(Given data Opens)
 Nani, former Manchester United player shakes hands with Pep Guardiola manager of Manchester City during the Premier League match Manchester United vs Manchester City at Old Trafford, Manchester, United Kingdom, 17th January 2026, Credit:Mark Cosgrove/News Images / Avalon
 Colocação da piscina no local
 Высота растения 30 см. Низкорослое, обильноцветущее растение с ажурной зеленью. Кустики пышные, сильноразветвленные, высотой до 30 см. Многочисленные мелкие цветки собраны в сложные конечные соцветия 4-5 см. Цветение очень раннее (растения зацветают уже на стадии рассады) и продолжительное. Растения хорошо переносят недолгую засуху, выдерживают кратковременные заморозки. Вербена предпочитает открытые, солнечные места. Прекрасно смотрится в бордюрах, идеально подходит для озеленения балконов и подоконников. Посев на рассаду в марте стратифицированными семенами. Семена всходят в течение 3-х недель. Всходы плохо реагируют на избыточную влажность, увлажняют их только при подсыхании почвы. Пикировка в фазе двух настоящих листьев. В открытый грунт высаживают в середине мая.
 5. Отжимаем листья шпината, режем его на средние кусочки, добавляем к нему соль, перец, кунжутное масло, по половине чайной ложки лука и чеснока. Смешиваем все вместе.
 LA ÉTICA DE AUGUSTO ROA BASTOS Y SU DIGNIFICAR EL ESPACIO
(Given data Closes)
(Given data Opens)
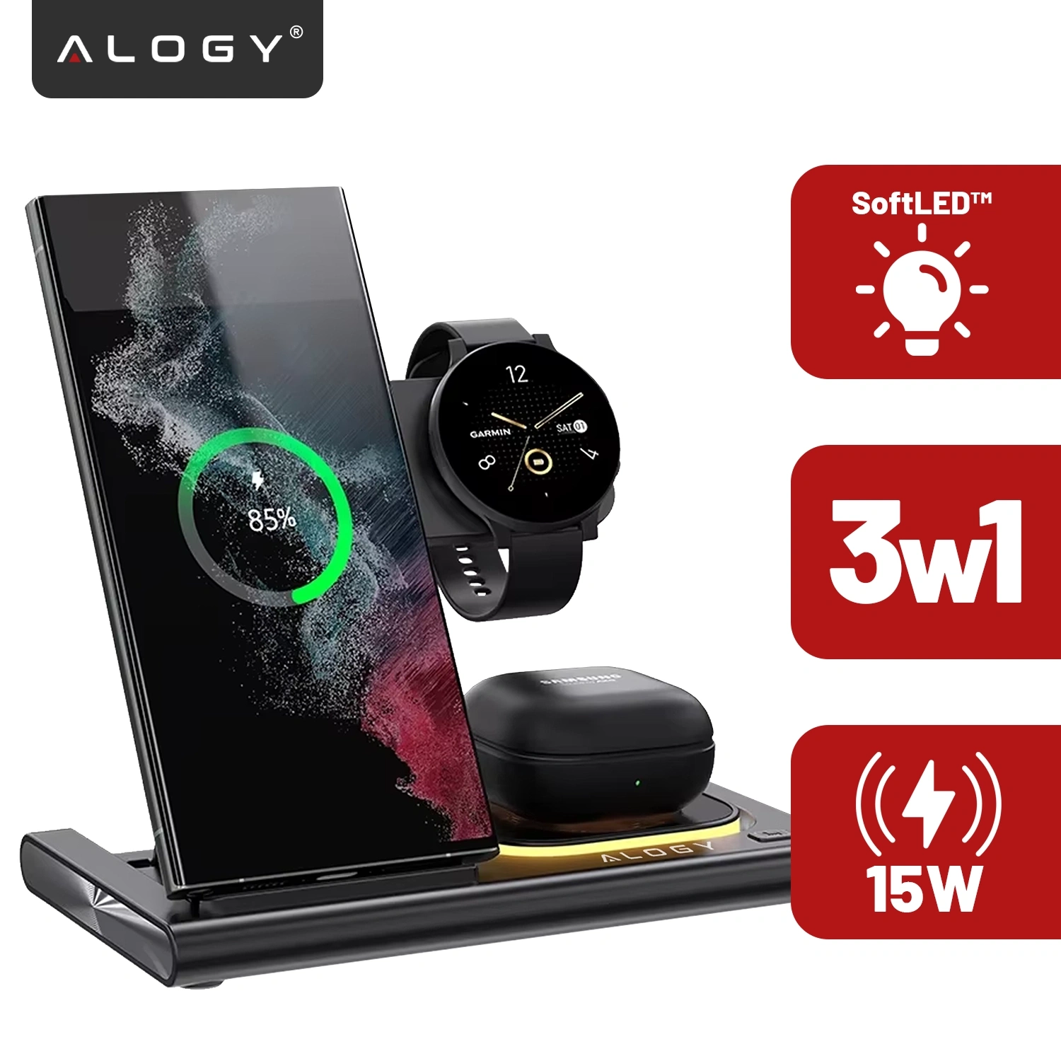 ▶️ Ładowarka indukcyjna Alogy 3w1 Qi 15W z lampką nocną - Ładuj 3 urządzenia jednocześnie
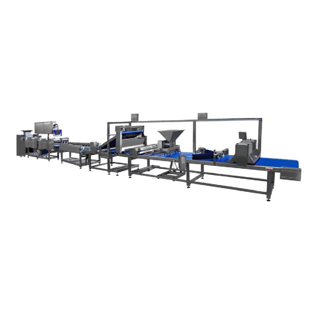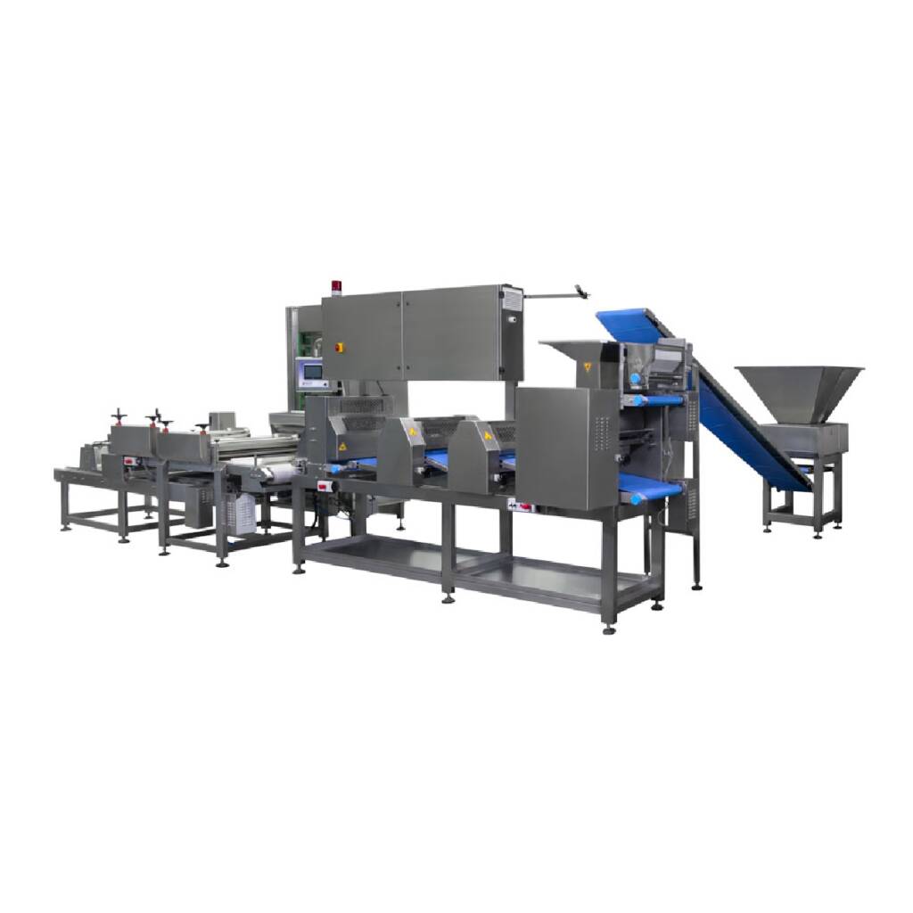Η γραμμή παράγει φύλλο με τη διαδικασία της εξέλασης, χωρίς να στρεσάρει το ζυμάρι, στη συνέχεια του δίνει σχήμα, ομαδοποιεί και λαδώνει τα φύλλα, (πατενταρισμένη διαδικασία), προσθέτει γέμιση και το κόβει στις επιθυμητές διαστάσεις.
(Given data Closes)
### Required action:
Would you print exactly and only the lines of the material above that run from the line with "Nani, former Manchester" through the line with "Colocação da piscina no local", both included?

### Result:
 Nani, former Manchester United player shakes hands with Pep Guardiola manager of Manchester City during the Premier League match Manchester United vs Manchester City at Old Trafford, Manchester, United Kingdom, 17th January 2026, Credit:Mark Cosgrove/News Images / Avalon
 Colocação da piscina no local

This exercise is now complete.